The word “clearly” is the key clue here. A Likert scale (like rating agreement from “Strongly disagree” to “Strongly agree”) is based on numbers (e.g., 1, 2, 3, 4, 5), but those numbers represent ordered categories, not truly continuous or clearly numeric values.

In other words, while you can treat Likert scale data like numbers sometimes (e.g., calculating averages), the numbers themselves are standing in for categories with an order—not for measured quantities along a true number line. So while you might have seen Likert data analyzed using means, t-tests, or even regressions—treating them like numeric variables—this is a common (and sometimes reasonable) modeling shortcut. Conceptually, Likert data are still clearly ordinal: they are ordered categories, not continuous measurements.

If you missed this, don’t worry — Likert scales can be a little tricky because they look numeric. But always pay close attention to what the numbers mean. If they’re just labeling ordered choices (rather than measuring something truly continuous, like height or weight), the variable is ordinal categorical, not clearly numeric.

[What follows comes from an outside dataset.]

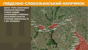 На Південно–Слобожанському напрямку російські формування тричі намагалися прорвати оборонні рубежі ЗСУ в районах населених пунктів Стариця, Вовчанськ та в напрямку Хатнього.

Q6) The variable, kingdom (corresponding to one of the six kingdoms of life), is a ___ variable

Q7) TRUE of FALSE: A continuous variable can never be modeled as discrete and vice versa

Glossary of Terms

Variable: A characteristic or attribute that can take on different values or categories in a dataset.
- Explanatory Variable: Also known as a predictor or independent variable, this is a variable that is thought to influence or explain the variation in another variable.
- Response Variable: Also known as a dependent variable, this is the outcome or effect being studied, which changes in response to the explanatory variable.

Numeric Variable: A variable that represents measurable quantities and has magnitude, either as counts (discrete) or as continuous values.
- Discrete Variable: A numeric variable that represents distinct, separate values or counts (e.g., number of pollinators).
- Continuous Variable: A numeric variable that can take any value within a range and is measured with precision (e.g., petal length).

Categorical Variable: A variable that represents categories or groups and is qualitative in nature.
- Nominal Variable: A categorical variable without an inherent order (e.g., flower species or study site).
- Binary Variable: A nominal variable with only two possible categories (e.g., alive/dead, pink/white).
- Ordinal Variable: A categorical variable with a meaningful order, but without measurable distances between levels (e.g., gold, silver, bronze).